Bahkan dalam tahun 2012 kemarin, terdapat berbagai macam pemberitaan yang berasal dari warga biasa yang menjadi heboh dan menjadi perbincangan di kalangan masyarakat luas, bahkan sampai ditayangkan di televisi. Beberapa diantaranya, pemberitaan negatif mie instan di Hong Kong, email palsu anggota DPR di Australia, serta fenomena mengenai gaya bicara “sesuatu” dari seorang artis perempuan, Syahrini.
Dalam buku Citizen Journalism: Pandangan Pemahaman, dan Pengalaman, yang ditulis oleh Pepih Nugraha, wartawan Kompas sekaligus pendiri Kompasiana ini, sedikitnya memaparkan berbagai macam persoalan tentang jurnalis warga berdasarkan pengalamannya di media sosial sejak tahun 2005.
Ada tiga syarat menjadi wartawan profesional yang juga bisa diterapkan bagi para pewarta warga yang ingin mempraktikan citizen journalism. yaitu : Pertama, mengetahui hal-hal menarik bagi pembaca untuk diolah dan dijadikan berita penting. Kedua, selalu ingin tahu dan memiliki rasa skeptis (keraguan) sehingga selalu ingin membuktikannya. Ketiga, mampu mengobservasi, mengamati fenomena, dan kecendrungan yang terjadi (hlm. 78).

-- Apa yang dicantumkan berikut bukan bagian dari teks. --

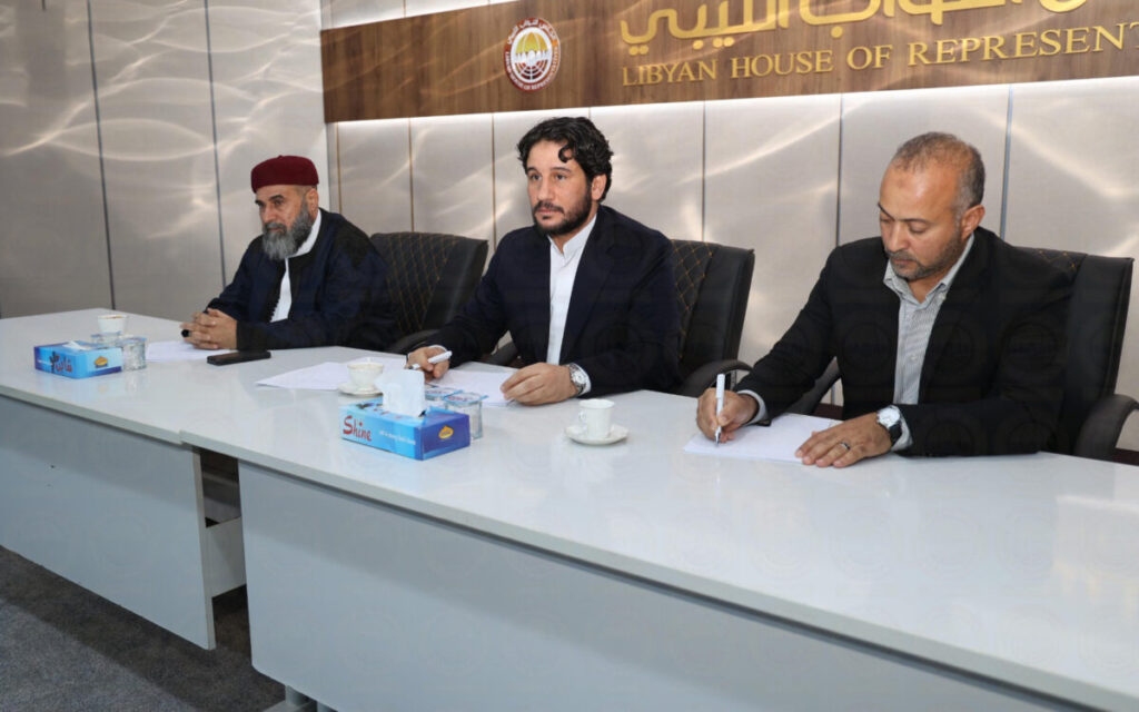 عقدت اللجنة المُكلفة بموجب قرار مجلس النواب رقم 3 لسنة 2024م لدراسة مدى تأثير فرض رسم على سعر صرف النقد الأجنبي بنسبة 27 % على دخل المواطن اجتماعاً بحضور رئيس اللجنة النائب الثاني لرئيس مجلس النواب مصباح دومة، وعضو اللجنة رئيس لجنة الاقتصاد والتجارة والاستثمار بالمجلس بدر النحيب، وعضو اللجنة رئيس لجنة متابعة الأجهزة الرقابية بالمجلس زايد هدية.

Dalam buku ini, penulis juga menyampaikan bahwa kalangan pers media maupun pers warga jangan pernah menjalankan dosa sebagai pewarta berita. Sebagaimana menurut Poul Johnson ada tujuh besar itu diperentukkan bagi pers media arus utama, dan tidak ada salahnya kalau jurnalis warga juga memperlajari dosa-dosa pers agar tidak mencemari hasil laporannya. Karena ketujuh dosa besar itu akan menjadi tabu bagi insan media sosial yang biasa melaporkan berita dalam dunia internet, seperti di facebook, di blog, di twitter dan lain sebagainya.
Ketujuh dosa besar tersebut yaitu : (1) Penyimpangan informasi, (2) Dramatisasi fakta, (3) Serangan privasi, (4) Pembunuhan karakter (5) Eksploitasi teks, (6) Meracuni pikiran anak, dan (7) Penyalahgunaan kekuasaan (hlm. 115).

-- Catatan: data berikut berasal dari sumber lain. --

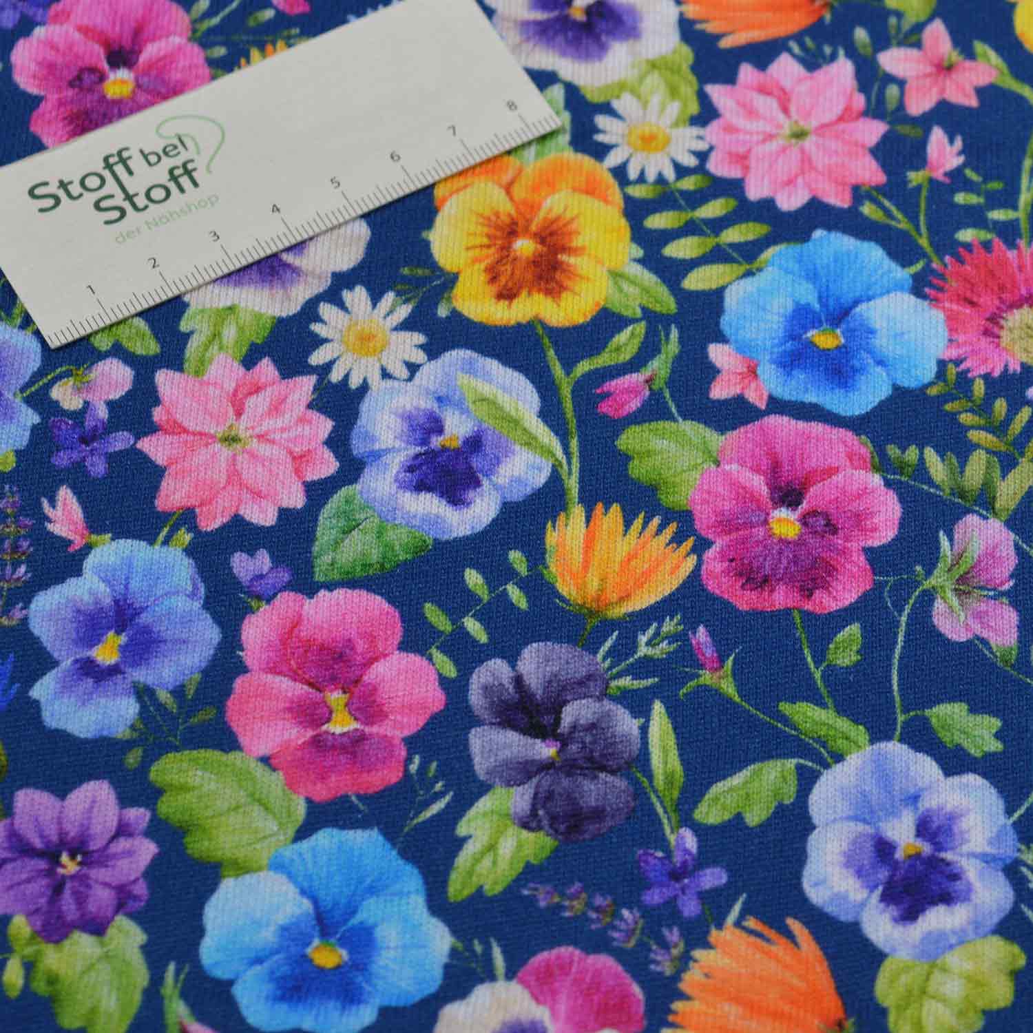 Wunderschöner, flauschiger Sweat mit klassischem, dunkelblauem Untergrund.Bedruckt ist der der Stoff mit üppigen Gartenblumen. Bunte Stiefmütterchen und Hornveilchen mischen sich mit Margeriten und Kornblumen und ergeben ein wunderbar frisches, fröhliches Bild.Freundlicher Blumenstoff auf blauem Grund, farbenfroh und frisch, wie die Blüten die darauf abgebildet sind.

Begitu juga, para citizen jurnalism harus mengetahui ilmu-ilmu yang terdapat pada ilmu pers. Pewarta warga juga harus mengetahui nilai-nilai berita sebagaimana dikemukakan Lanson dan Luwi agar suatu berita benar-benar bisa disebut berita bernilai (hlm. 83).
Dalam buku ini, sebutan citezen jurnalisme tidak dimaksudkan menjadikan warga bisa menjadi wartawan profesional yang dibayar oleh perusahaan media, namun semata-semata hadir untuk menyebarkan semangat berbagi (share) informasi sesuai minat dan bidang masing-masing orang. Dengan berbagi informasi, terjadi pertukaran pengetahuan dan pengalaman warga biasa yang tidak terbatas wilayah, ruang dan bahkan waktu.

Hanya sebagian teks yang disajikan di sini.